Good Stuff XS! Thanks for posting them up. Great additions!


----------



## BOWHUNTER!

Nothing professional, just a few memories.


----------



## xs5875

Nice Shots..love the Fungi!


----------



## Crickett

Very nice BowHunter!!


----------



## DRB1313

Those are the best kind Roger!! Great shots!!!
I'm diggin the hog!!!


----------



## JasonF

Yea buddy!!! 
This thread is off to a GREAT start!!
Keep em comming!


----------



## DRB1313

Morning Bump!! Keep em coming!


----------



## Golden BB

I am VERY new to this whole camera thing but I am learning.


----------



## Crickett

Cool shot Golden BB.


----------



## Smokey

Man those are some nice'uns.
I'll see what I can come up with.


----------



## Fro1911nut

I do not have a DSL yet...but I try


----------



## Crickett

Cool pics! We use to have a Goby like that when we had our salt water tank.


----------



## Foxhunter

BOWHUNTER! said:


> Nothing professional, just a few memories.



I love the one of you and little bit with the hog. She's OBVIOUSLY so proud to be her daddy's girl!!


----------



## Foxhunter

*Here are a couple of mine*

Here are a couple of mine


----------



## DRB1313

Excellent work Ya'll, Another great thread this year and we are just getting started!!


----------



## Foxhunter

This is fun! Wish we could post over and over!


----------



## Foxhunter

Crickett said:


> Here are my top 5. Starting w/ my favorite.

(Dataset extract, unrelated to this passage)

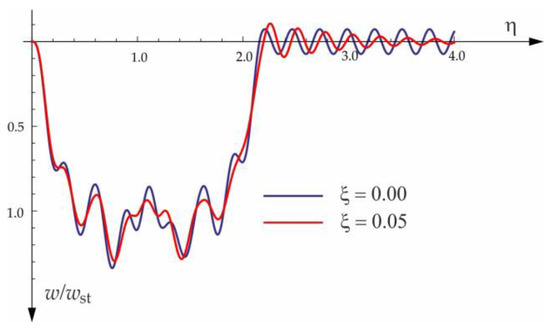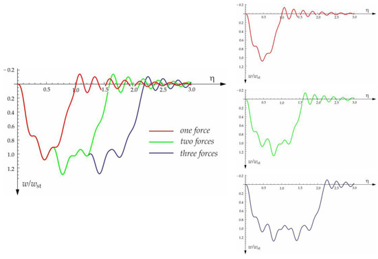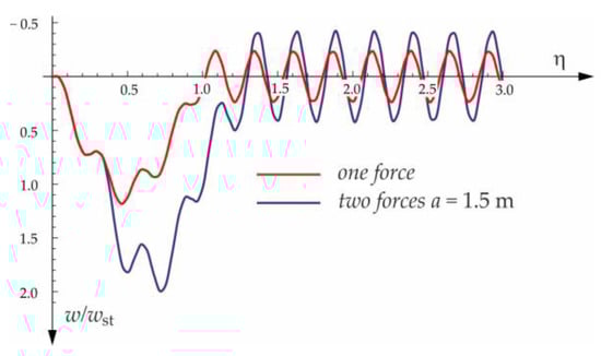 The free vibration of the beam can be found in the same way as the beam under a single force (see Section 3.1). Solutions for forced and free vibrations of the beam under a group of three forces are presented graphically in Figure 15, Figure 16, Figure 17 and Figure 18. As before, the dimensionless coefficient is introduced into the calculations. In the diagrams, deflection is referred to the static displacement of the beam’s midpoint under the action of one force. Calculations are provided for the same assumptions concerning the dimensions and mechanical properties of the beam and the soil layer, as presented in Section 3.1 and Section 3.2.
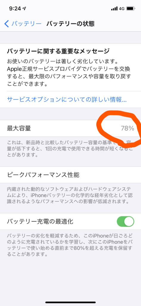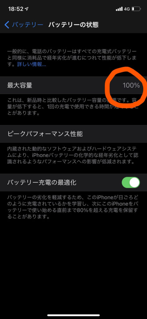 保持容量って何ですか?って感じですが、要するに見た目満タン充電されても、バッテリーの劣化とかによって本当の充電100%にはならなくなっていくってことなんでしょうね。

I love what you did with the Millhouse!!


----------



## Tugboat1

Holy Moly, there are some very talented photographers here!! Very inspiring thread. Jason, your work is exceptional and the heron pics had my jaw dropped. I'm strictly a point and shoot snapshot kinda guy but will throw a few out there.


----------



## DRB1313

Nice photos Tugboat, Thanks for adding them.


NEXT!!.....


----------



## xs5875

This thread is beginning to take forever to open!


----------



## cornpile

Awesome photos,some camera masters on here.


----------



## cre8foru

Wow! Yall set the bar high. This is like karaoke night and everybody is singing like Garth and Dolly. Great photos.... I'll post some in a minute. Still lookin and decidin which ones.


----------



## cre8foru

I hope you have some of these on the wall. The 1st one and last one are my favs.



JasonF said:


> Due to popular demand, I'll get this thread kicked off early this year.
> 
> This is not a contest of who has the best photo but just merly a reflection of the past year...point & shoot pictures are encouraged and appreciated!!
> 
> *RULES:* There is a maximum of 5 pictures allowed per person, 1 minimum.  If you have more than 5 pictures you'd like to share, hold on to them for the next "next best" thread at the beginning of the year.
> 
> So weather you post on this forum regularly or not, let see your shots of 2009!
> 
> Here is last years thread for those who would like to view those shots:
> http://forum.gon.com/showthread.php?t=275606&highlight=


----------



## DRB1313

xs5875 said:


> This thread is beginning to take forever to open!



Trying to get the duplicates off now, That should help.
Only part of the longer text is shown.